La bataille est engagée. La presse d’opposition le soutient totalement,
tandis que la presse gouvernementale lance une virulente campagne contre
"un président importé". Cela ne l’empêche pas de se rendre dans les
mosquées, de prier avec la foule, de dialoguer avec le pape Chenouda
III. Le 25 janvier 2011, jour de la chute de Moubarak, "l’étranger" est
en Autriche. Il revient d’urgence pour soutenir les manifestants. Les
autorités le placent pour quelques jours en résidence forcée. Puis il se
rend à la place Tahrir, où il est ovationné par la foule et porté en
triomphe.
El Baradei souhaite que la Constitution soit rédigée avant les élections
législatives, mais n’obtient pas gain de cause. Cet homme incorruptible
et profondément nationaliste ne s’accorde pas avec les manigances
politiciennes. Le 12 avril 2012, au moment de la course à la présidence,
il annonce qu’il ne sera pas candidat à la première magistrature de
l’État.
L’ancien patron de l’AIEA fonde alors son nouveau parti
politique : Al-Dostour (la Constitution). Il a ses partisans, et son mot
à dire en Égypte. Le 22 novembre 2012, il s’oppose à la déclaration
constitutionnelle de Mohamed Morsi. Une déclaration qui accorde les
pleins pouvoirs au nouveau raïs. Il fonde avec Amr Moussa et Hamdine
Sabahi le Front du salut national, le plus important parti d’opposition,
dont il devient le coordinateur.
À l’heure où Morsi perd le pouvoir, le Front du 30 juin, qui groupe de
nombreux partis d’opposition, demande à Mohamed El Baradei d’assurer
l’exécution des revendications du peuple et de préparer la feuille de
route avec l’autorité militaire. Devenu la "voix" de l’opposition en
Égypte, Mohamed El Baradei a trouvé un poste à sa mesure.

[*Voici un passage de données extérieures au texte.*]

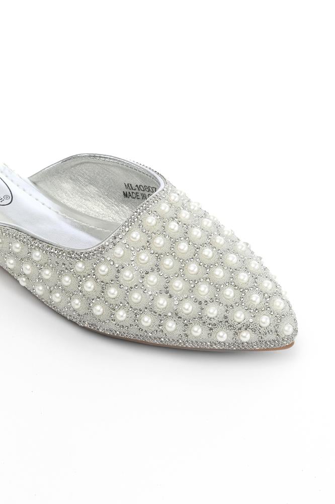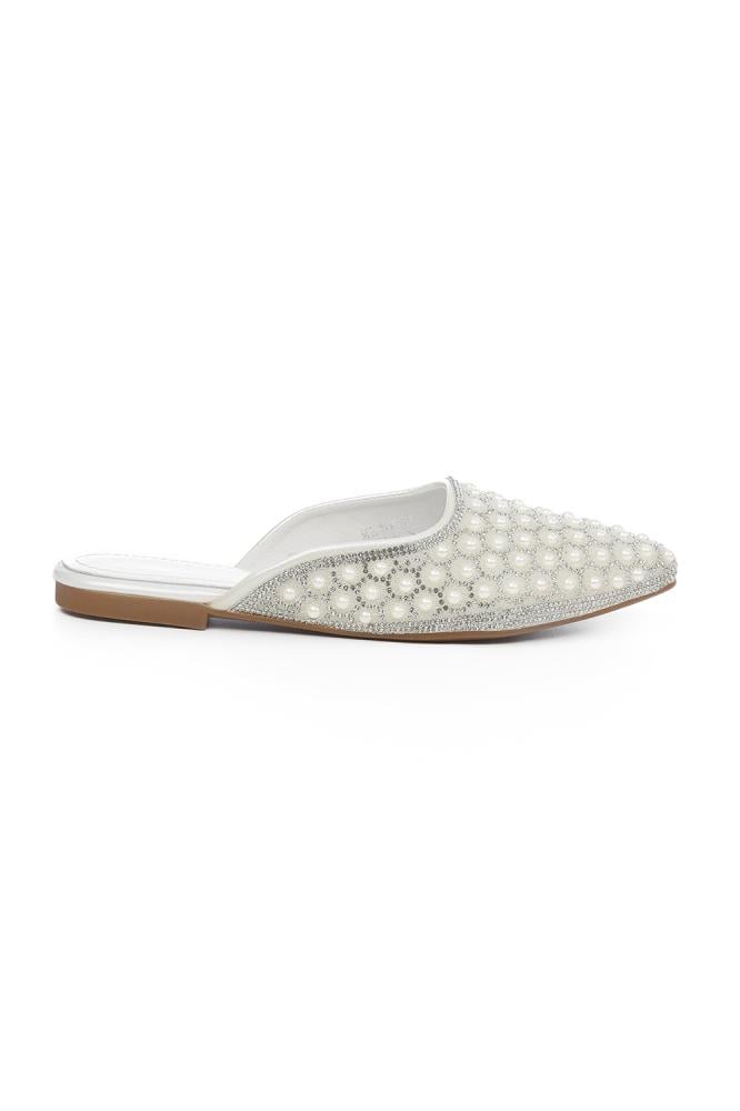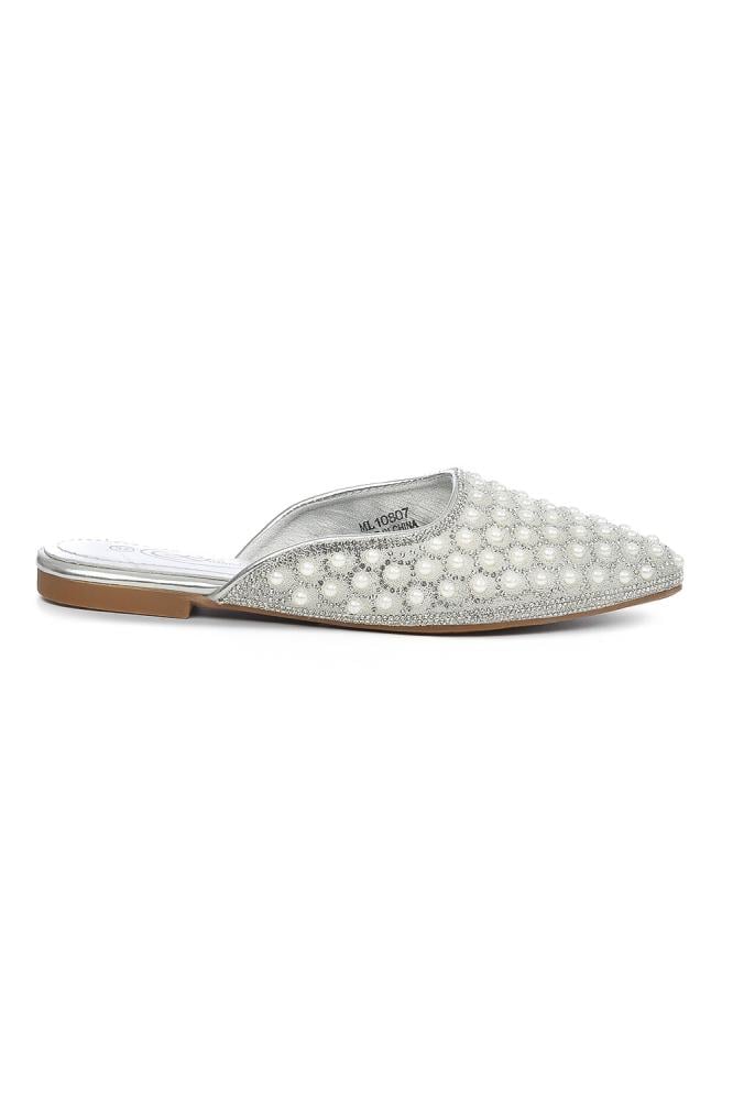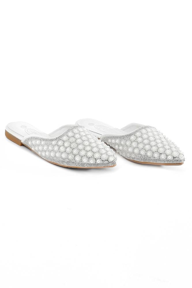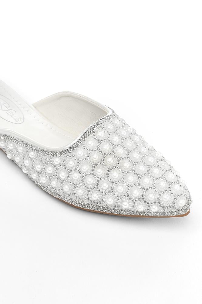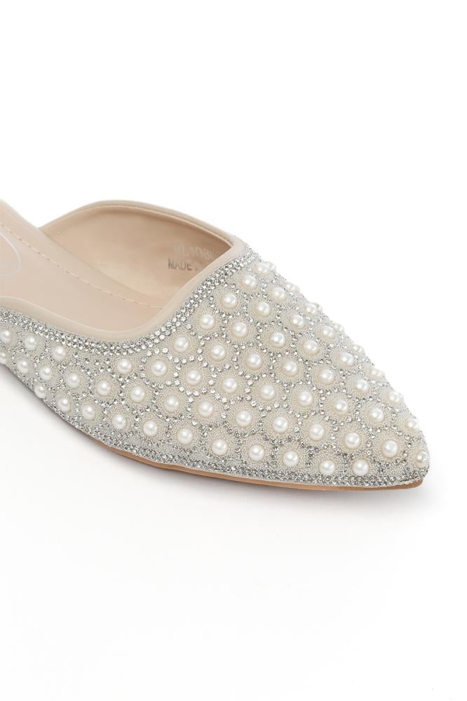حذاء نسائي مفتوح بتصميم أنيق يُعتبر خيارًا مثاليًّا للمناسبات الرسمية أو السهرات بفضل الزخارف اللؤلؤية اللامعة، مع إمكانية دمجه مع إطلالات يومية أنيقة بسبب لونه المحايد.
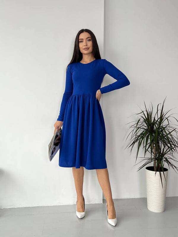 Сукня розширена вниз з м'якими складками, що починаються від талії. Верх сукні йде по фігурі, що облягає. Синя сукня приталені силуету, з еластичної бавовни, робить фігуру жіночнішою і ніжнішою. Довжина міді – за коліно. Довгий рукав. Сукня виготовлена з тканини трикотаж міцної, м'якої і приємної до тіла. Розмір: 40-422, 44-46, 48-50. Тканина: трикотаж, креп Кольори: чорний, бордо, смарагд, бузковий, синій Довжина сукні: 105 см
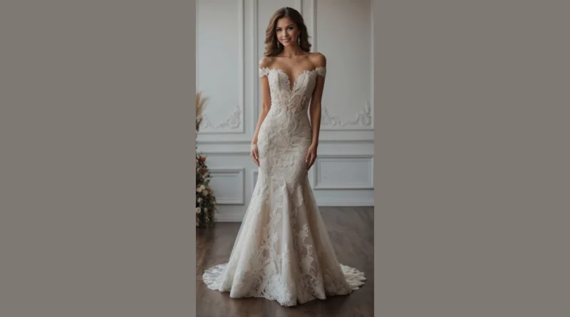 Moving around in this dream dress might make you feel like you’re floating, or maybe doing a secret mermaid shuffle down the aisle! The off-the-shoulder design is super elegant and totally boho-chic, perfect for showing off those killer collarbones. Plus, with all that beautiful sparkly lace, every step will feel like you’re leaving a trail of pixie dust, or maybe just making sure everyone knows you’re the main character. It’s the kind of dress that says, “Yes, I’m getting married, and yes, I’m fabulous, so clear the dance floor, because this mermaid can groove!”
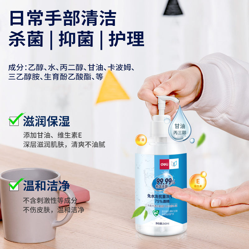 得力31001免水洗抗菌洗手液(透明)(240ml/瓶)

Le samedi 6 juillet, Adly Mansour, le président par intérim de la
République, décide de lui confier la présidence du Conseil. Mais ce
choix est refusé par les salafistes, et la nomination, annoncée le soir,
est suspendue à l’aube. Avec sa patience légendaire, El Baradei attend.
Il sait qu’il jouera un rôle de choix dans la nouvelle Égypte.